Setting Default Purpose
ORCHESTRATION_MAX_RETRIES_PER_STAGE 3 Max retry attempts per stage
ORCHESTRATION_BACKOFF_FACTOR 2.0 Exponential backoff multiplier
ORCHESTRATION_INTELLIGENCE_FALLBACK_ENABLED True Use local fallback if AI fails
ORCHESTRATION_METRICS_BACKEND “logging” Signal backend (logging or statsd)
ENABLE_CELERY_ORCHESTRATION 0 Enable async pipeline via Celery

Alerts App

Purpose: Webhook ingestion from 8 monitoring platforms, alert deduplication, and incident lifecycle management.

Location: apps/alerts/

Models

Alert

Represents a single alert received from an external source.

Field Type Description
fingerprint CharField (indexed) Unique identifier for deduplication (SHA256-based)
source CharField (indexed) Source system (e.g., “alertmanager”, “grafana”)
name CharField Alert name/title
severity CharField (choices) “critical”, “warning”, “info”
status CharField (choices, indexed) “firing”, “resolved”
description TextField Detailed alert description
labels JSONField Key-value label pairs
annotations JSONField Additional metadata (runbook URLs, etc.)
raw_payload JSONField Original raw payload from source
started_at DateTimeField (indexed) When alert started
ended_at DateTimeField (nullable) When alert resolved (null if firing)
received_at DateTimeField (auto_now_add, indexed) When we received it
updated_at DateTimeField (auto_now) Last update time
incident ForeignKey (nullable) Link to parent Incident

Properties: is_firing, duration

Incident

Groups related firing alerts and tracks lifecycle.

Field Type Description
title CharField Incident title
status CharField (choices, indexed) “open”, “acknowledged”, “resolved”, “closed”
severity CharField (choices, indexed) “critical”, “warning”, “info”
description TextField Incident description
summary TextField Summary and resolution steps
created_at DateTimeField (auto_now_add, indexed) Creation time
updated_at DateTimeField (auto_now) Last update time
acknowledged_at DateTimeField (nullable) When acknowledged
resolved_at DateTimeField (nullable) When resolved
closed_at DateTimeField (nullable) When closed
metadata JSONField Custom metadata (notes, etc.)
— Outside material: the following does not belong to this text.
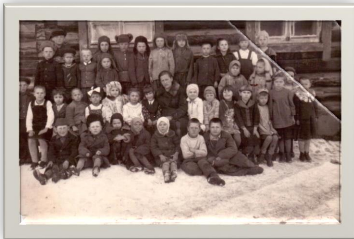
Учащиеся 1 класса 1947г

Methods: acknowledge(), resolve(), close() Properties: is_open, is_resolved, alert_count, firing_alert_count

AlertHistory

Audit trail of state changes and events for alerts.

Field Type Description
alert ForeignKey Link to Alert
event CharField Event type (“created”, “resolved”, “escalated”, etc.)
old_status CharField Previous status
new_status CharField New status
details JSONField Event-specific metadata
created_at DateTimeField (auto_now_add, indexed) Event time

DTOs

ParsedAlert (dataclass)

Standard alert format produced by all drivers.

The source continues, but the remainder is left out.